ガクリとうなだれながら、しきりにお腹の真ん中辺りをさする。
「うぅ……」
早く行かなければならないのに、下痢とは。
どうやら不運の波まで来ているらしい。
さっさと出し切って、立ち上がりたいのはやまやまだが──よほど溜まっていたのだろう。
まるで残便感を拭えなかった。
「……はぁ……」
排泄しながら考える。
何だかんだ苛立ちはしたが、それでもやはり、父は無駄なことをしない人だ。
つまりあの謎質問にも、必ず何か意図がある。
それに僕が気づいていないだけ、かもしれない。
もっとも、何も考えてない場合も考えられるが。
普段は自分から話しかけない父が、積極的に千冬さんへ質問しているのだ。
だから、考えなしはありえないだろう──と。
1つの可能性を捨て去ったとともに、ようやく残便感もマシになってきた。
花柄のトイレットペーパーで尻を拭き、排泄物もろとも水で流す。
そして、手をしっかり洗うと廊下に出た。
そのまま麦茶を買いに行こうと、玄関の一歩手前まで歩いたところで、
「……千冬さん」
後ろを振り向いた。
あの空間に1人残した彼女に、一抹の不安を覚える。
トイレに籠って、大体数分ほどかかってしまったが──リビングの中で今、どんな状況に置かれているのか。

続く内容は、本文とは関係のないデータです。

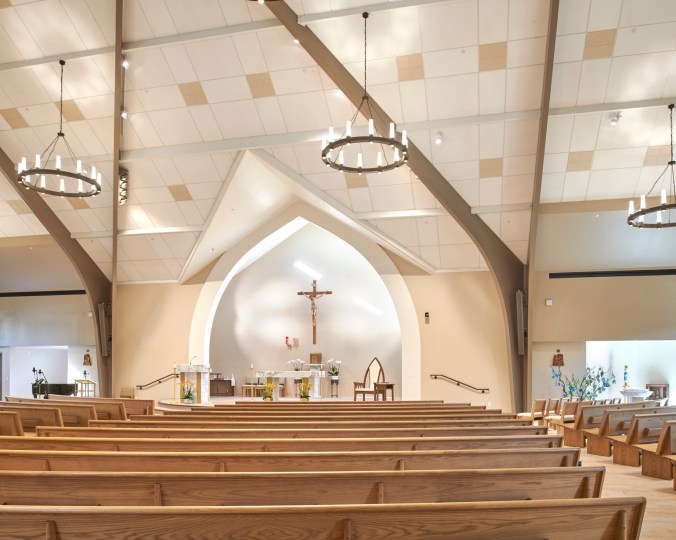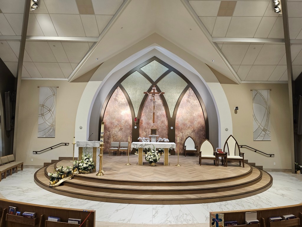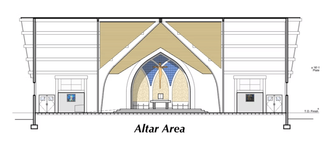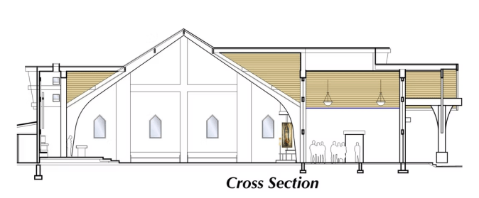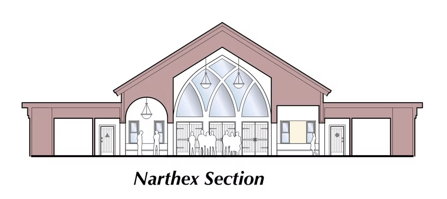 - New ADA ramp to the existing altar had space constraints due to existing doorway to Music Store. Redesign of the Crying Room, and the Vestry.

もしかして、千冬さんのプライベートにまで踏み込まれていないだろうか、と。
そう思ったときには、既に玄関から離れていた。
そっとリビングのドアに近づく。
そして聞き耳を立て、中の様子を伺う。
『──夏貴と別れてくれ。それがきっと、君のためだ』
最初に聞こえたのは、父のそんな言葉だった。